Thank you, Secretary Lew.
Today's Trustees Report confirms that the Affordable Care Act is continuing to strengthen Medicare and ensure its solvency for future generations.
For nearly half a century, Americans have looked to Medicare as a sacred trust--a guarantee that no one will have to sell their house or go bankrupt in old age because of a hospital bill. And it is our duty to keep Medicare strong and sustainable, so that our children can look forward to the same security when it comes time for them to retire.
Back in 2009, that mission was in doubt. Medicare spending was rising rapidly, and the Hospital Insurance Trust Fund was projected to be insolvent in just eight years.
With the health care law, our goal was to put Medicare on more stable footing, not by cutting benefits, but by putting reforms in place to ensure that Medicare dollars were spent more wisely. And the past few years have borne out that promise.
Last year, the Trustees Report projected that the life of the Trust Fund had been extended until 2024. And today, we're pleased to announce that we've extended the life of the Trust Fund two more years, to 2026.
Just as important as extending the solvency of Medicare is the way in which we're doing it.
The Affordable Care Act has helped put Medicare on more stable ground without eliminating a single guaranteed benefit.
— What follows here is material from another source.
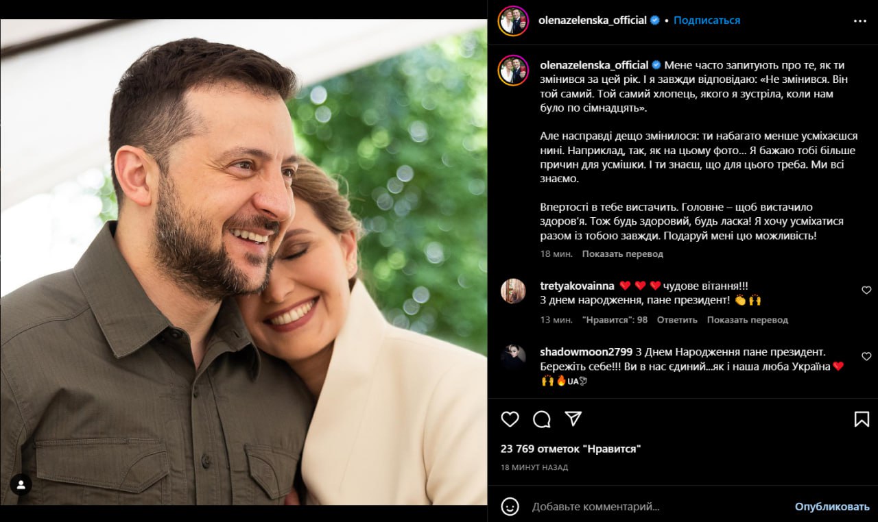 Сегодня, 25 января, президент Украины Владимир Зеленский отмечает 45-летие. Первая леди Украины поздравила мужа и рассказала, как он изменился за этот год.

Instead, it has successfully lowered costs thanks to a wide range of reforms designed to reduce costly medical errors, decrease the number of unnecessary hospital readmissions, eliminate excess payments to Medicare Advantage plans, and crack down on fraud and abuse.
Thanks in part to these reforms, Medicare spending per beneficiary has grown at the historically low rate of 1.2% a year between 2010 and 2012. And it's projected to remain lower than the rate of economic growth over the next decade.
This is not only putting Medicare on stronger footing for the future. It's also benefitting seniors right now. Preliminary estimates in today's Trustees Report project that 2014 Part B premiums will not increase a dime from their 2013 levels.
The numbers in today's report are especially encouraging because we know that, since many Medicare beneficiaries are on a fixed income, Medicare costs are less likely than private insurance costs to be affected by fluctuations in the economy. That means that when Medicare spending slows, it's an especially good sign that real progress is being made.
Still, we recognize that more work remains to be done. Medicare continues to face considerable challenges--including an aging population. So we must continue to build on the progress we've made in the last few years.
That's why the President's 2014 budget lays out an additional $371 billion in savings to Medicare over the next decade. If those proposals are enacted by Congress, they will put Medicare on even sounder footing for our children.
Today's Trustees Report is the latest demonstration that with smart reforms, we can secure Medicare for the future without slashing benefits. Going forward, we must keep working to strengthen Medicare for beneficiaries today and for future generations.